◆ Task objective:
Restate word for word the section of the entries that opens at the line containing "We all gathered" and closes at the line containing "瑞安市華銳機械有限公司的誠信", both lines kept, pictures dropped.

◆ Data supplied:
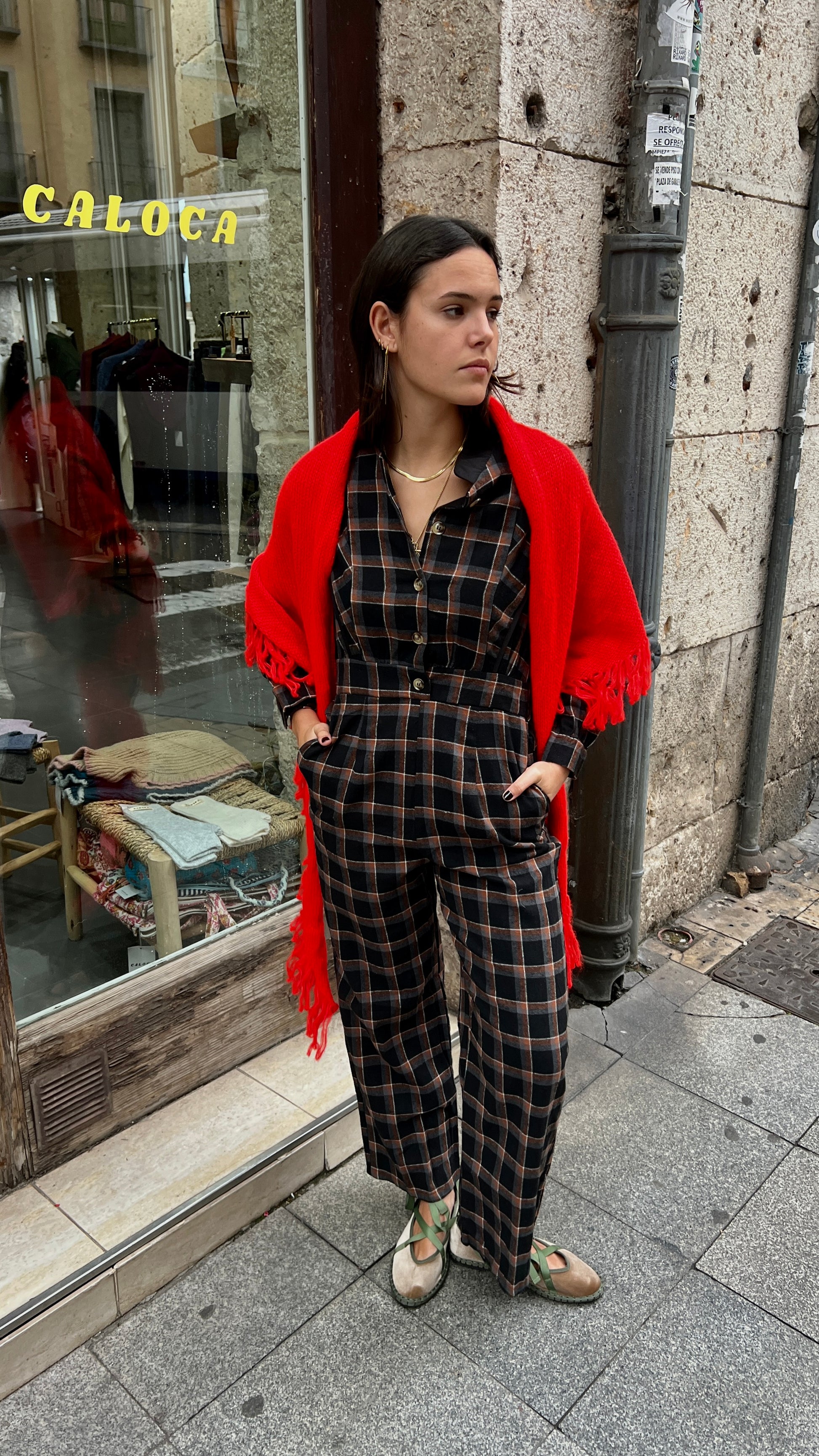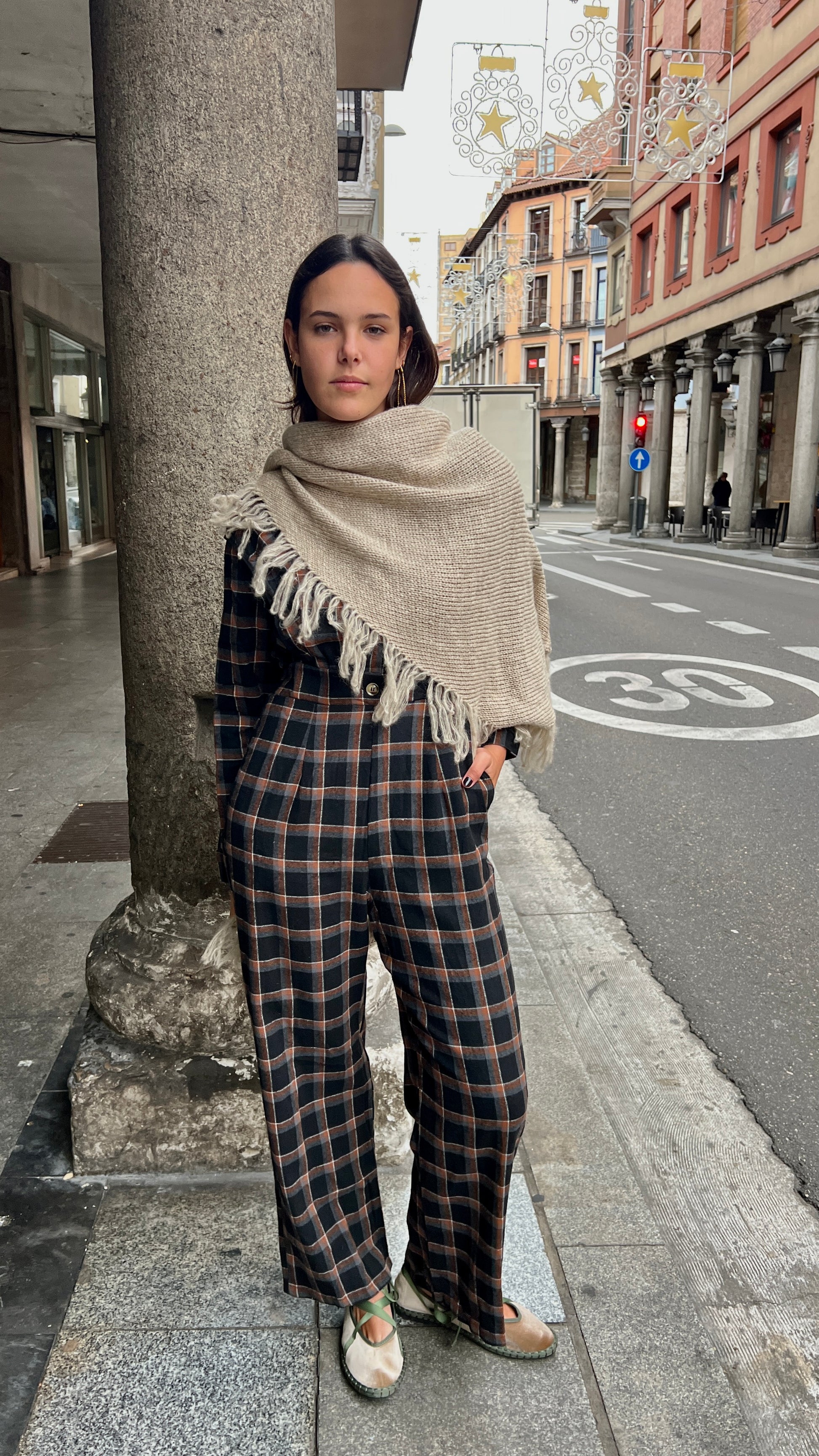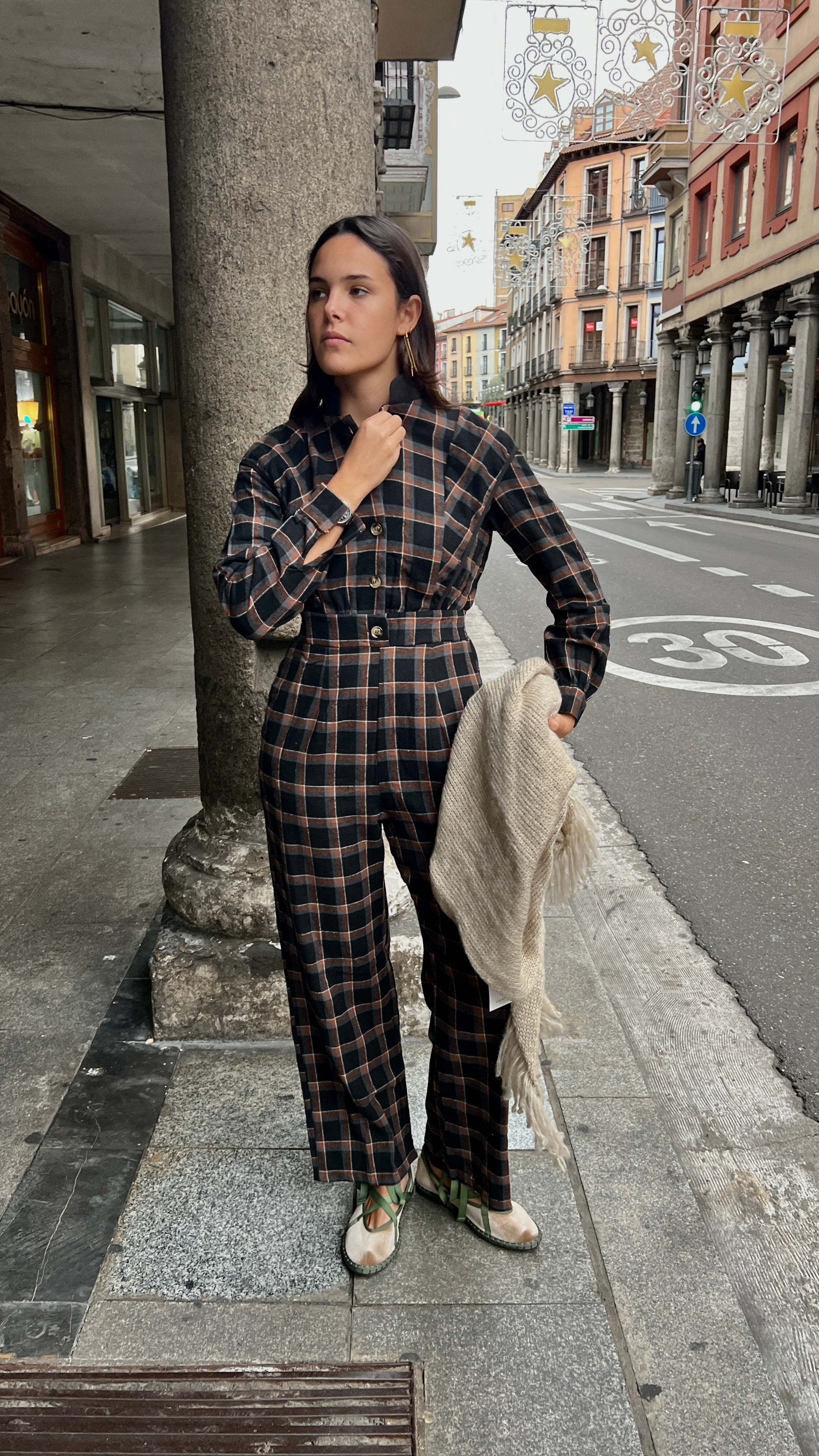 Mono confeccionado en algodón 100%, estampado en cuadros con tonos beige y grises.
==
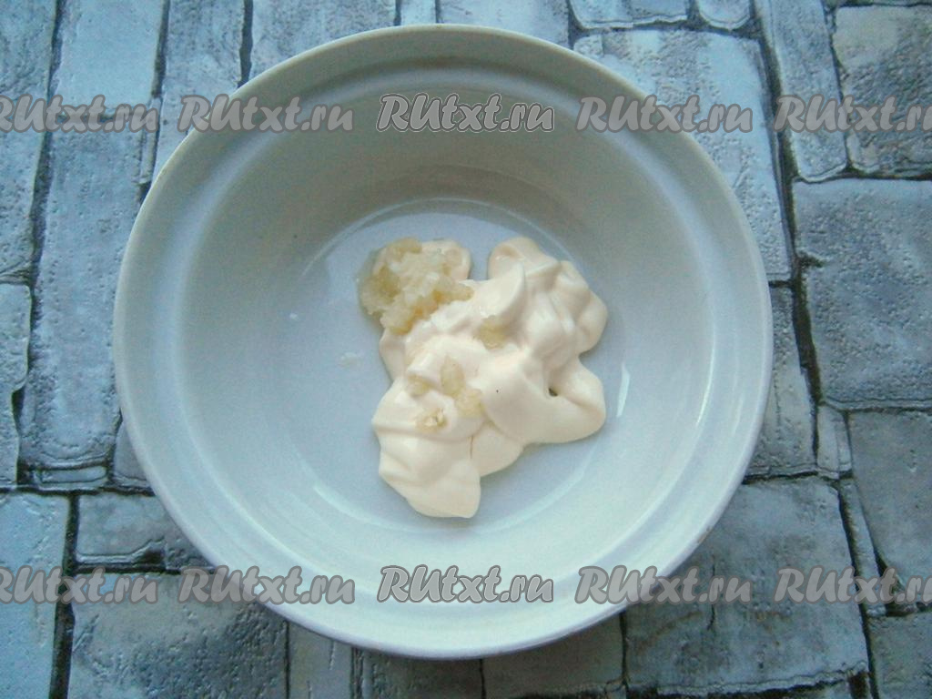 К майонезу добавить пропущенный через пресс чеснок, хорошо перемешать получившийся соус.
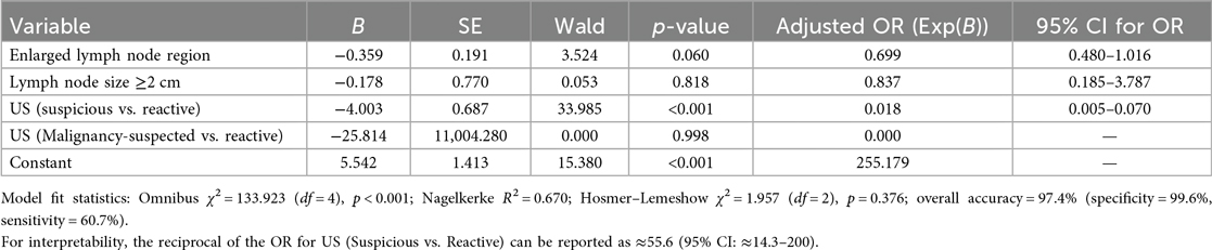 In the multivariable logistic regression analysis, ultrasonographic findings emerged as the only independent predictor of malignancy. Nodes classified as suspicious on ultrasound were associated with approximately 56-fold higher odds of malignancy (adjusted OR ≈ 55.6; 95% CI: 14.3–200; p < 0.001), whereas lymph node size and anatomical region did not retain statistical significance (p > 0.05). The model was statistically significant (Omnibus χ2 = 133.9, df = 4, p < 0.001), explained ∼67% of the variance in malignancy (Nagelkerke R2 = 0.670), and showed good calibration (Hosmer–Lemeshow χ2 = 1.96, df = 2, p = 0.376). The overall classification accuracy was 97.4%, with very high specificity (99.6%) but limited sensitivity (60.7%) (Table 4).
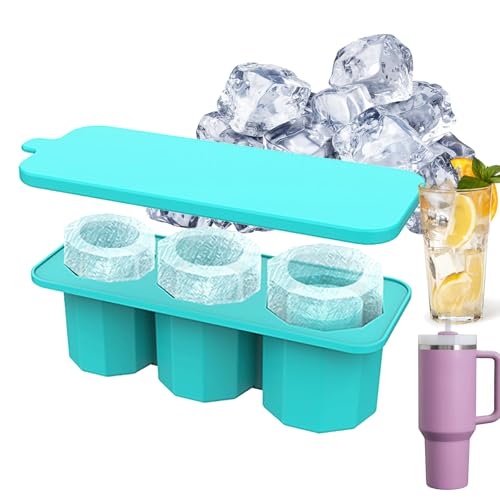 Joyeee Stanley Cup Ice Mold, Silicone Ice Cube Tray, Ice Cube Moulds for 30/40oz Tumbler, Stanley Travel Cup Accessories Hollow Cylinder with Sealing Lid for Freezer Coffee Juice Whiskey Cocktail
* * *
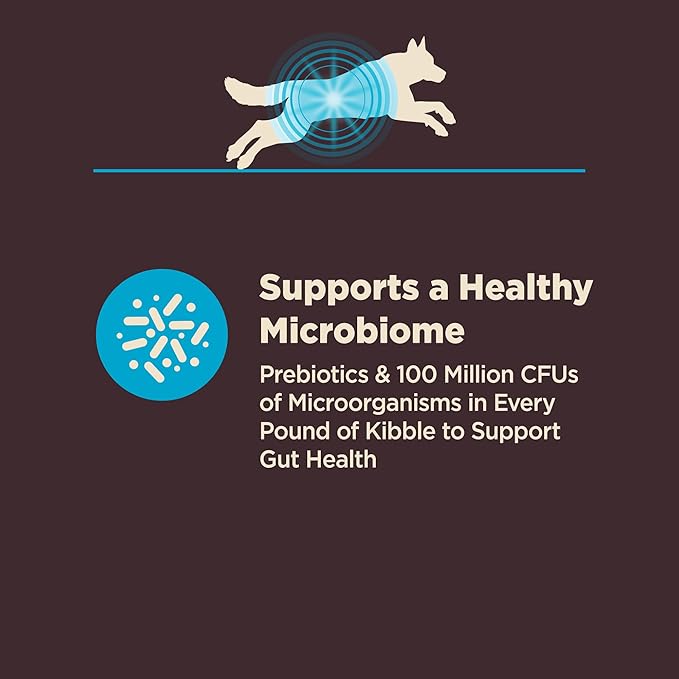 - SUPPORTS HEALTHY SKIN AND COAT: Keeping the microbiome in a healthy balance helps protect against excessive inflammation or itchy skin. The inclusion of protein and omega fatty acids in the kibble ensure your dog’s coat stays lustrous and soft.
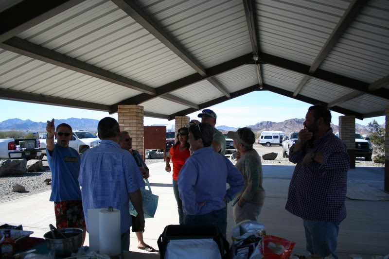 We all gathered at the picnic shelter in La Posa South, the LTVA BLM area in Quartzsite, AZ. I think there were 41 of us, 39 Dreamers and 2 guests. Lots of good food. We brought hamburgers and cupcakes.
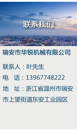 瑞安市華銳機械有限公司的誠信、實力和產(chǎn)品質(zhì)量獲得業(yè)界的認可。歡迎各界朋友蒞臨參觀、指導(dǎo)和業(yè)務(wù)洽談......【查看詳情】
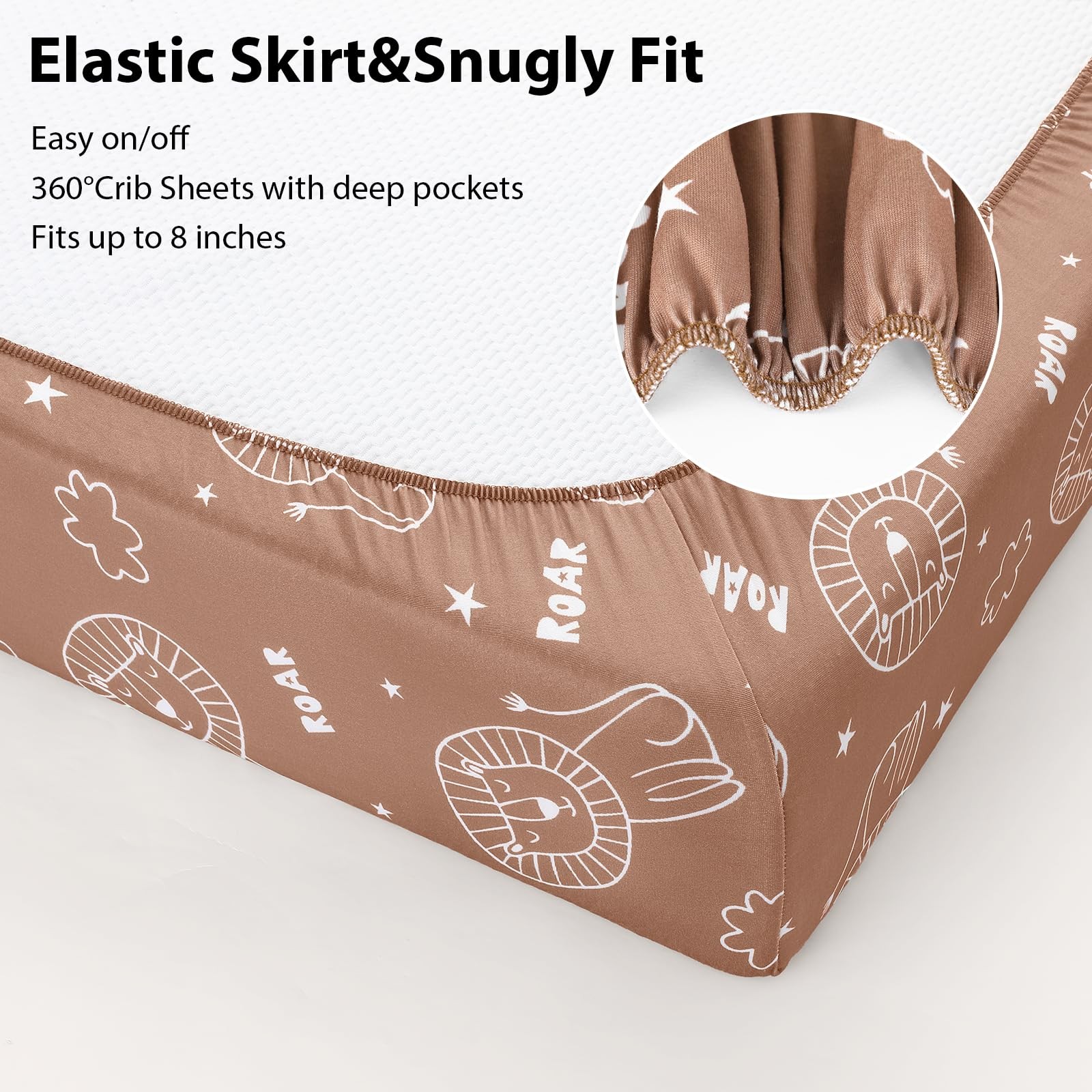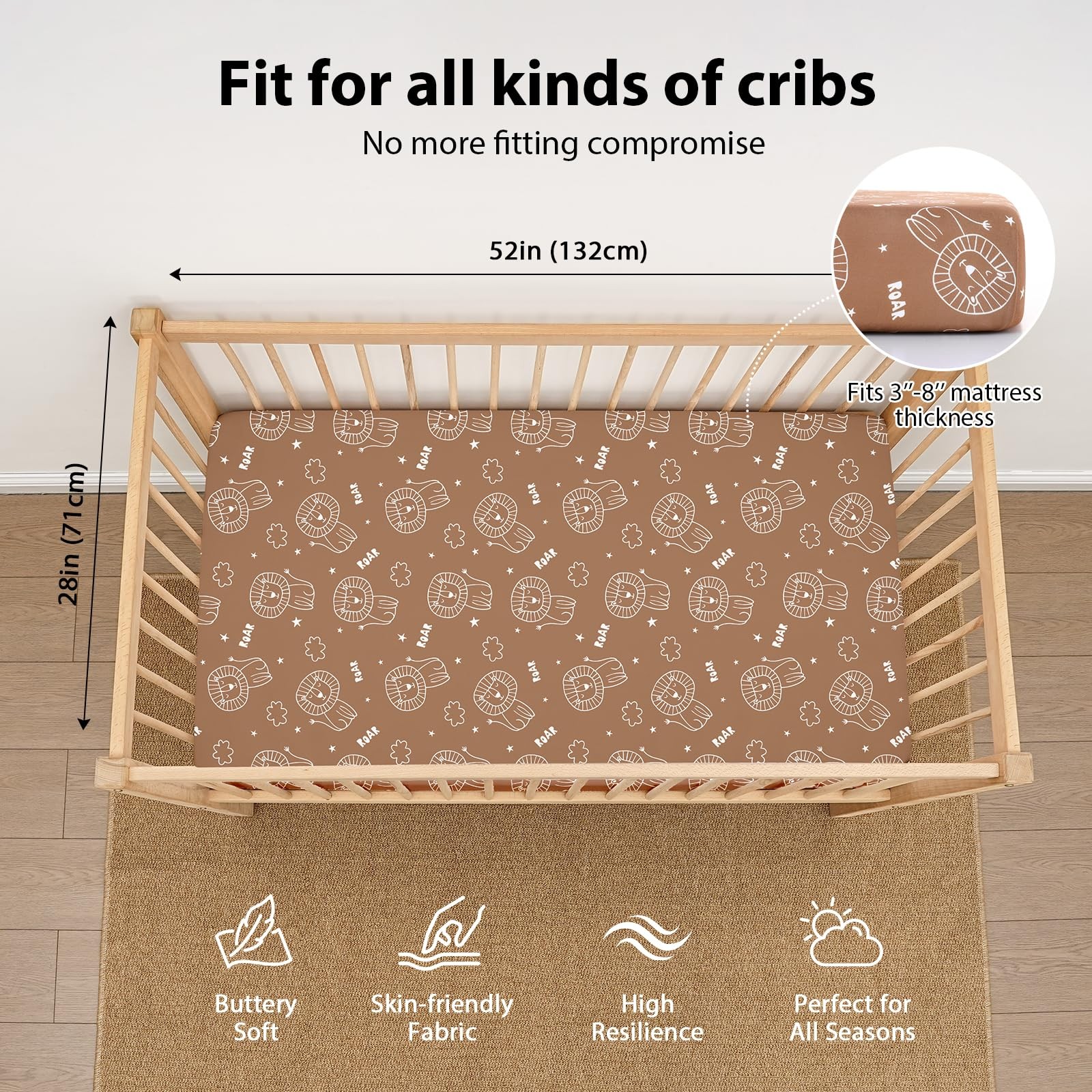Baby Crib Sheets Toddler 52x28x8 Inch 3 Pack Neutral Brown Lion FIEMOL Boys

◆ Result of the exercise:
 We all gathered at the picnic shelter in La Posa South, the LTVA BLM area in Quartzsite, AZ. I think there were 41 of us, 39 Dreamers and 2 guests. Lots of good food. We brought hamburgers and cupcakes.
 瑞安市華銳機械有限公司的誠信、實力和產(chǎn)品質(zhì)量獲得業(yè)界的認可。歡迎各界朋友蒞臨參觀、指導(dǎo)和業(yè)務(wù)洽談......【查看詳情】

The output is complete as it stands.